• Task to complete:
All of the lines below need to be copied exactly, apart from the pictures.

----- Stored data

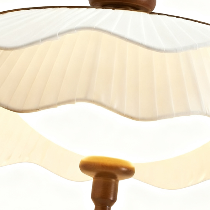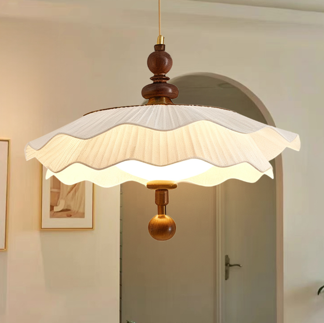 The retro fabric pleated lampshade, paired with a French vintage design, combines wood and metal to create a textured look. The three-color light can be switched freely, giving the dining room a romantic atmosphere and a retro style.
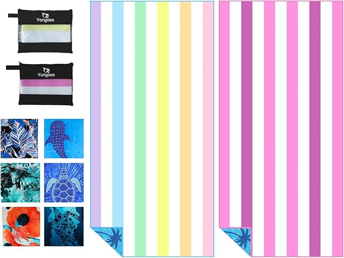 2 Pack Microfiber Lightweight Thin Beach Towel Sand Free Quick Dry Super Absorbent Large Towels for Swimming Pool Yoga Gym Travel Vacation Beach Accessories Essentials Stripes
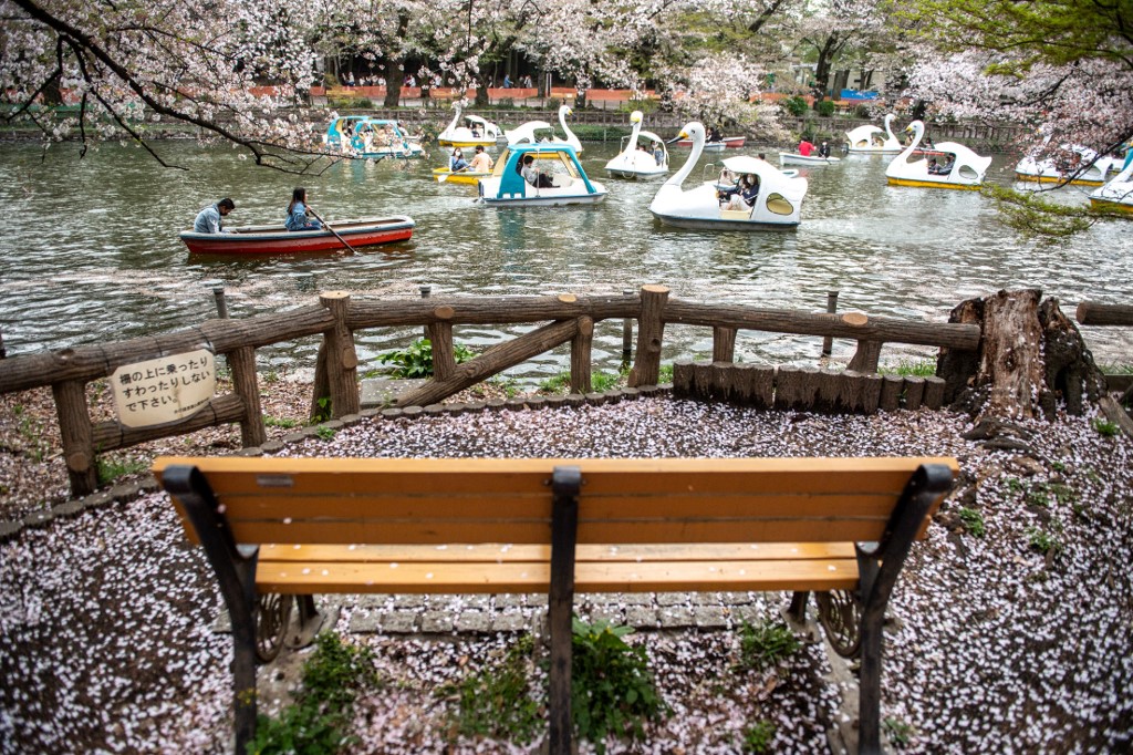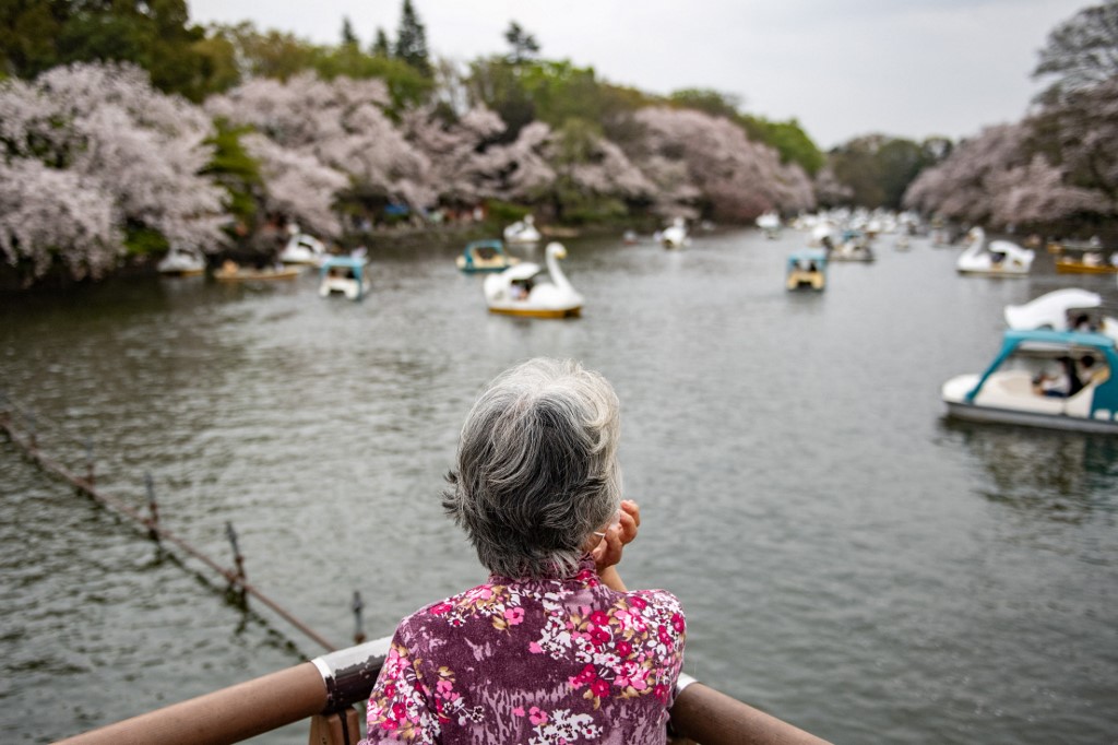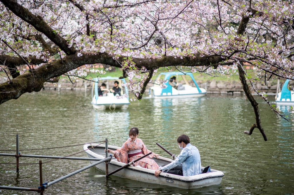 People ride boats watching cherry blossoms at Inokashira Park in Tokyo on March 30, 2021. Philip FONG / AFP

----------

• Exercise answer:
 The retro fabric pleated lampshade, paired with a French vintage design, combines wood and metal to create a textured look. The three-color light can be switched freely, giving the dining room a romantic atmosphere and a retro style.
 2 Pack Microfiber Lightweight Thin Beach Towel Sand Free Quick Dry Super Absorbent Large Towels for Swimming Pool Yoga Gym Travel Vacation Beach Accessories Essentials Stripes
 People ride boats watching cherry blossoms at Inokashira Park in Tokyo on March 30, 2021. Philip FONG / AFP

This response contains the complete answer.